A vendor waits for customers at his fruit stall in Kuala Lumpur on 1 September 2021. (Photo: Mohd RASFAN / AFP)

Easier Monetary Policies Amid Covid-19: Maintain, Not Roll Back


Southeast Asia economies have maintained easier monetary policies to cushion the shock of the Covid-19 pandemic. Now that prices are trending upward, they should think twice before tightening the policies.

More than 18 months into the Covid-19 pandemic, Southeast Asian economies have sought to dampen the contractionary effects of the coronavirus by adopting easy monetary policies. This, however, has led to the rearing of inflation’s ugly head. Instead of tightening monetary policies, it might be better for countries to utilise cash transfers and other in-kind transfers to mitigate the effects of inflation.

ASEAN governments have mitigated the negative impacts of Covid-19 on households and firms through economic stimulus packages and easy monetary policies. An analysis of economic stimulus packages in ASEAN using data from the Asian Development Bank’s COVID-19 Policy Database reveals that the stimulus packages are mostly in the form of income support to smooth consumption of households as well as direct long-term lending to businesses to avoid bankruptcies. Central banks have also eased monetary policy by reducing the reserve requirement ratio and policy interest rate. For example, the reserve requirement ratio and policy rate have been cut by one percentage point each in Malaysia, whereas in the Philippines, the same rates have been cut by 1.8 and 2 percentage points, respectively. The introduction of easy monetary policy has also been observed in Indonesia, Laos, Myanmar, Thailand, and Vietnam. 

However, the resulting upward trend of inflation may put pressure on ASEAN central banks to tighten their monetary policies. The International Monetary Fund predicted in its World Economic Outlook in April 2021 that four ASEAN countries — Indonesia, Singapore, Myanmar and Vietnam — will face higher inflation in 2022. The inflation rate based on the consumer price index in Indonesia is projected to increase from 2.0 per cent in 2021 to 3.1 per cent in 2022. In the same period, Singapore’s inflation will rise from 0.2 to 0.8 per cent; Myanmar’s from 5.0 to 5.6 per cent; and Vietnam’s from 3.88 to 3.94 per cent. Inflation in other ASEAN countries are projected to remain the same or decline slightly from 2021 to 2022. 

If ASEAN central banks were to tighten their monetary policy to reduce inflation for the rest of 2021, we could expect a weaker economic recovery in the region.

An increase in food prices is one of the key drivers of inflation in the region. An analysis of the World Bank’s commodity prices reveals that the global agricultural commodity price index in June 2021 was 29 per cent higher than its pre-pandemic level in June 2019. Among three components of agricultural commodity prices, namely beverages, food, and raw materials (e.g. timber), food prices increased the fastest. The food price index rose by 39 per cent from June 2019 to June 2021, while beverages and raw materials rose by 17 per cent and 7 per cent, respectively. Maise, wheat and rice prices in June 2021 were about 50 per cent, 24 per cent and 11 per cent higher than June 2019 levels. Southeast Asia had also seen a spike in food price inflation from 2.1 per cent in 2019 to 3.3 per cent in 2020. The surge in food prices reflects strong demand and disruptions in supply chains due to Covid-19 related restrictions.  

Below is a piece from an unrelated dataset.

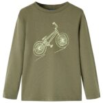 Dit t-shirt heeft lange mouwen, een ronde halslijn en een recht model. Op dit kakikleurige kindershirt staat een fiets afgebeeld. Het kindershirt met lange mouwen is gemaakt van 100% katoen en voelt zacht en comfortabel aan.
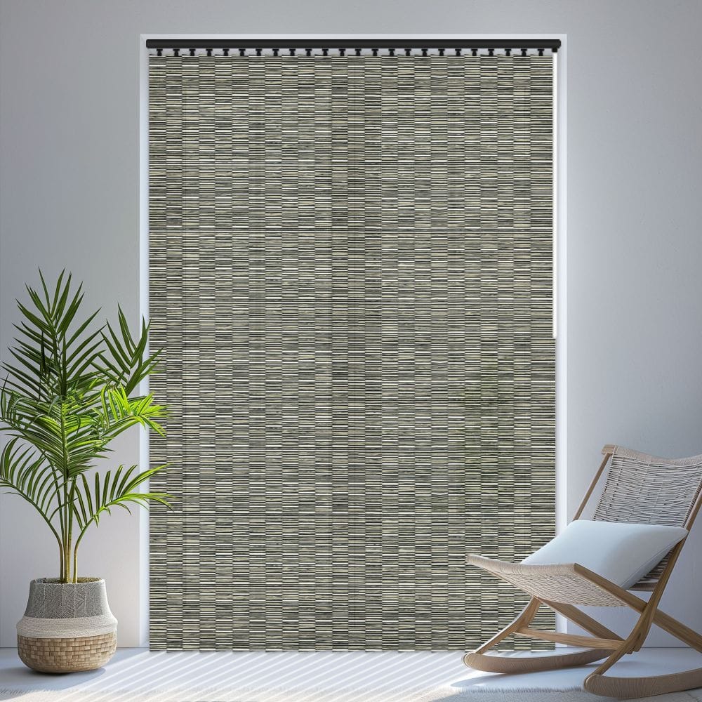 Monterey Marble Sheer Vertical blind has a sheer vertical textured pattern in warm beiges and black. This beautiful sheer fabric as a minimal design, trendy texture, while offering a hint privacy. Monterey is ideal for modern or contemporary settings where a combination of light control and stylish design is desired. Its semi-translucent nature allows it to soften the light in a room while the bold stripe pattern adds a touch of sophistication and elegance.

While rising food prices can increase real incomes for households that are net sellers of food products, they can also reduce investor confidence and undercut incentives to save. The burden of high food prices can also fall disproportionately on the poor. Poorer households spend a larger proportion of their income on food, are more reliant on wage income, have less access to interest-bearing accounts, and are unlikely to have significant holdings of financial or real assets apart from cash. Moreover, in net food-importing countries, higher food prices may result in exchange rate depreciation, which can then compel central banks to tighten monetary policy. For example, during the 2007-2008 food price spike, about half of emerging and developing economies’ central banks responded to the surge in inflation and currency depreciation by tightening monetary policy.

If ASEAN central banks were to tighten their monetary policy to reduce inflation for the rest of 2021, we could expect a weaker economic recovery in the region. Reserve requirement ratios and policy interest rates will be increased, and central banks’ financial asset purchases and direct lending to firms will decrease. Higher reserve requirement ratio and higher policy interest rates will increase the costs of bank lending, which discourages firms from borrowing from commercial banks. The contraction of loans will directly reduce financial capital for firms to sustain or expand the production of goods and services. High costs of borrowing and reduction in financial capital will reduce private investments, which will lead to an increase in unemployment rates and reduce household wage incomes. 

Instead of tightening monetary policy, targeted safety net interventions such as cash transfers as well as food and in-kind transfers can be more effective in mitigating the negative effects of food price inflation on poorer households. This should further boost households’ consumption while maintaining low-interest rates to provide low costs of borrowing for supporting firms’ recovery from the Covid-19 pandemic.